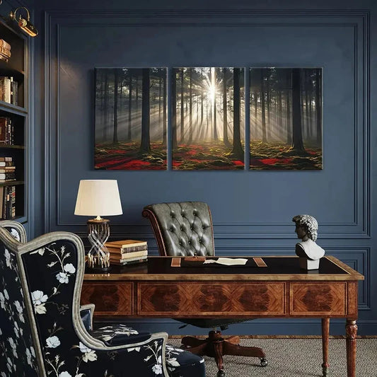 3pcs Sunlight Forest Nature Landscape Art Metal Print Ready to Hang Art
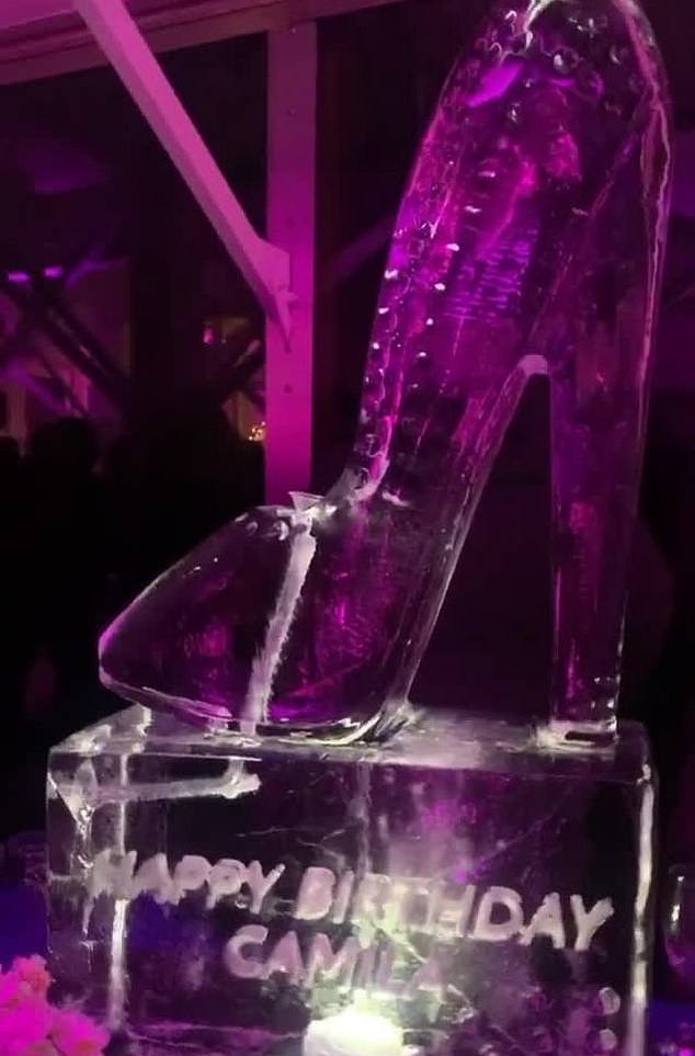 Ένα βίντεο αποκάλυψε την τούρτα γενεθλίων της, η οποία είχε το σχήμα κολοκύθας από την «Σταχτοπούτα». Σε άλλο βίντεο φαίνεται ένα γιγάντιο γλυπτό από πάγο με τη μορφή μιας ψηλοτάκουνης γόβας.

========

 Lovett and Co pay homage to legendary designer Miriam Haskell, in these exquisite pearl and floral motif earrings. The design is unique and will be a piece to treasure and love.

========

== Problem description ==
The material above holds pictures; leave them out and set down exactly the lines from the line with "3pcs Sunlight Forest" to the line with "Ένα βίντεο αποκάλυψε", both included.

== Exercise response ==
 3pcs Sunlight Forest Nature Landscape Art Metal Print Ready to Hang Art
 Ένα βίντεο αποκάλυψε την τούρτα γενεθλίων της, η οποία είχε το σχήμα κολοκύθας από την «Σταχτοπούτα». Σε άλλο βίντεο φαίνεται ένα γιγάντιο γλυπτό από πάγο με τη μορφή μιας ψηλοτάκουνης γόβας.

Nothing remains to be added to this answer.